Recorrió varias callejas tortuosas y sucias hasta que llegó a Bethnal Green, donde, torciendo bruscamente hacia la izquierda, no tardó en aventurarse por la intrincada red de inmundos callejones que tanto abundan por el distrito a que me refiero.

Era evidente que el judío conocía a la perfección el terreno que pisaba a juzgar por lo bien que se orientaba no obstante la oscuridad tenebrosa de la noche y lo laberíntico de las calles. Recorrió no pocas de éstas y al fin entró en una iluminada por un solo farol. Hizo alto frente a una puerta, llamó y, después de cambiar algunas palabras en voz baja con el que le franqueó la entrada, penetró en su interior.

Oyóse el gruñido de un perro no bien el judío puso la mano sobre el picaporte de la puerta de una habitación, y desde el interior de ésta preguntó una voz bronca:

—¿Quién va?

—Yo solo, Guillermo, yo solo —contestó el judío entrando.

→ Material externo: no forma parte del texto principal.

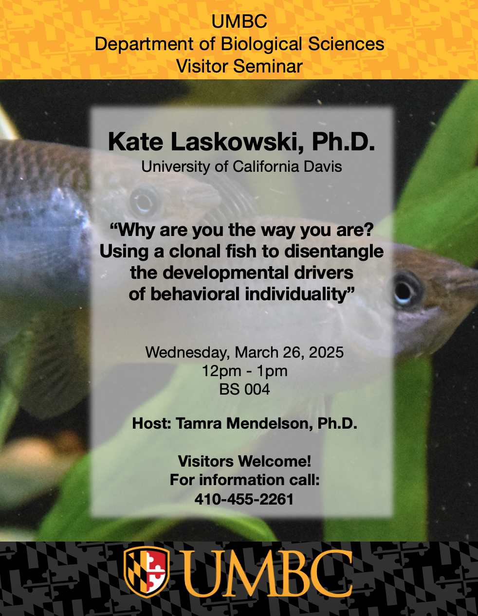 Dr. Laskowski will be presenting, “Why are you the way you are? Using a clonal fish to disentangle the developmental drivers of behavioral individuality”.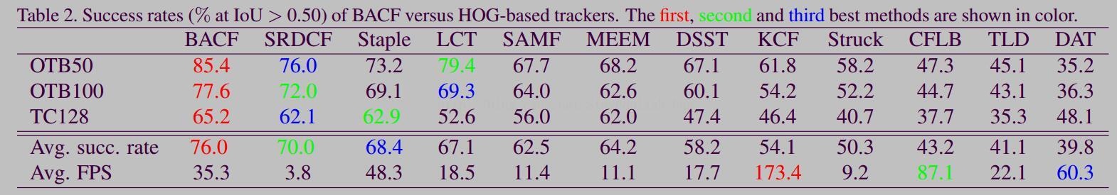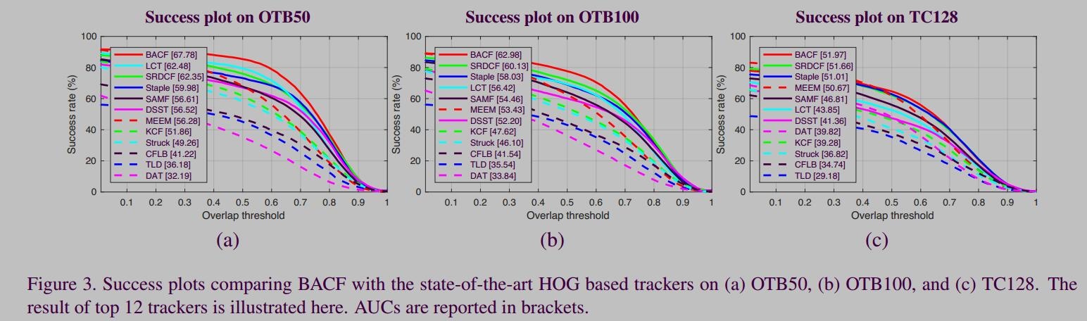 4:在BACF实验中,结合了基于HOG特征、基于深度特征以及基于深度学习的不同追踪器进行了比较分析。随后展示了结果图(其中OTB50应为OTB2013),其余细节建议进一步阅读论文。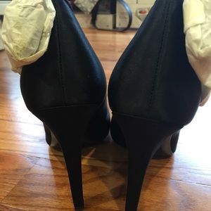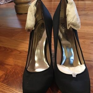 Brand new never worn ABS black satin heels with beautiful Rhinestone bow detail on the side

—Que entre tu humanidad —dijo Sikes—. ¿Estarás quieto, condenado perro? ¿Es que cuando el demonio viste levitón no le conoces ya?

Parece que el animal se engañó en los primeros momentos, pues no bien Fajín se desabrochó el levitón y le colocó sobre el respaldo de una silla retiróse aquél al rincón de donde antes saliera meneando el rabo con muestras de satisfacción.

—¿Qué hay de nuevo? —preguntó Sikes.

—Pues hay... ¡Ah! Buenas noches, Anita.

El judío saludó a la joven con timidez manifiesta, cual si tuviera sus dudas acerca de la acogida que le dispensaría su amiga, a la que no había visto desde que aquélla había abrazado la defensa de Oliver. Sus dudas, sin embargo, desvanecieron en el acto, pues Anita retiró los pies de los morillos la chimenea, arrastró hacia atrás la silla en que estaba sentada y dijo al judío que aproximara la suya. No explicó el objeto; pero como la noche estaba extraordinaria fría. Fajín lo comprendió de sobra.

—Fría está de veras la noche, querida Anita —observó el judío acercando a la lumbre sus arrugadas manos—. Penetra hasta la médula de los huesos.

—Mucho más intenso habría de ser para que penetrase hasta tu corazón —dijo Sikes—. Dale algo de beber, Anita, y despacha pronto ¡voto al infierno! Me pone nervioso ver a ese carcamal tiritando de esa manera... ¡Si parece un espectro recién salido de la fosa!